There could be a number of reasons for that - including the house being a holiday home or a vacant investment property, or new apartments in a high rise building that had yet to be made available for rent, according to the Housing Trust's CEO Michele Adair.
Ms Adair said the number of vacant buildings in the region is "gut-wrenching" when there are families sleeping rough in tents.
"It's absolutely gut-wrenching ... because the the burden of this crisis is growing week after week," Ms Adair said.
"Even if 10 per cent of those homes were made available, that would be another 500 families who had safe secure housing, which is a fundamental human right.
"We have less than 0.5 vacancy rate of rental properties in the Illawarra. And that is beyond crisis point."
There are around 3500 Illawarra residents on the social housing waitlist, which has an expected wait time of five to 10 years, according to data from NSW Family and Community Services.
Ms Adair said an audit of vacant Illawarra properties must be undertaken to determine where the empty properties lie, whether they need maintenance, and whether they could become available for rent.

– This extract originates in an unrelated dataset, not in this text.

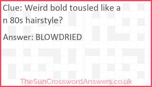 Weird bold tousled like an 80s hairstyle? is a crossword clue for which we have 1 possible answer and we have spotted 1 times in our database. This crossword clue was last seen on 29 August 2024 in The Sun Cryptic Crossword puzzle!

"We have to find out where they are, and if a home is beyond its useful life and in need of massive amounts of maintenance to bring it up to a liveable standard," she said.
Ms Adair added that policy changes were needed to discourage properties from being left vacant as the crisis deepens.
"In a growing number of jurisdictions, including in Melbourne, there has been very considered thought to a vacancy tax ... where if a property is sitting vacant for some months, then the owner of that property is actually charged for keeping that property vacant."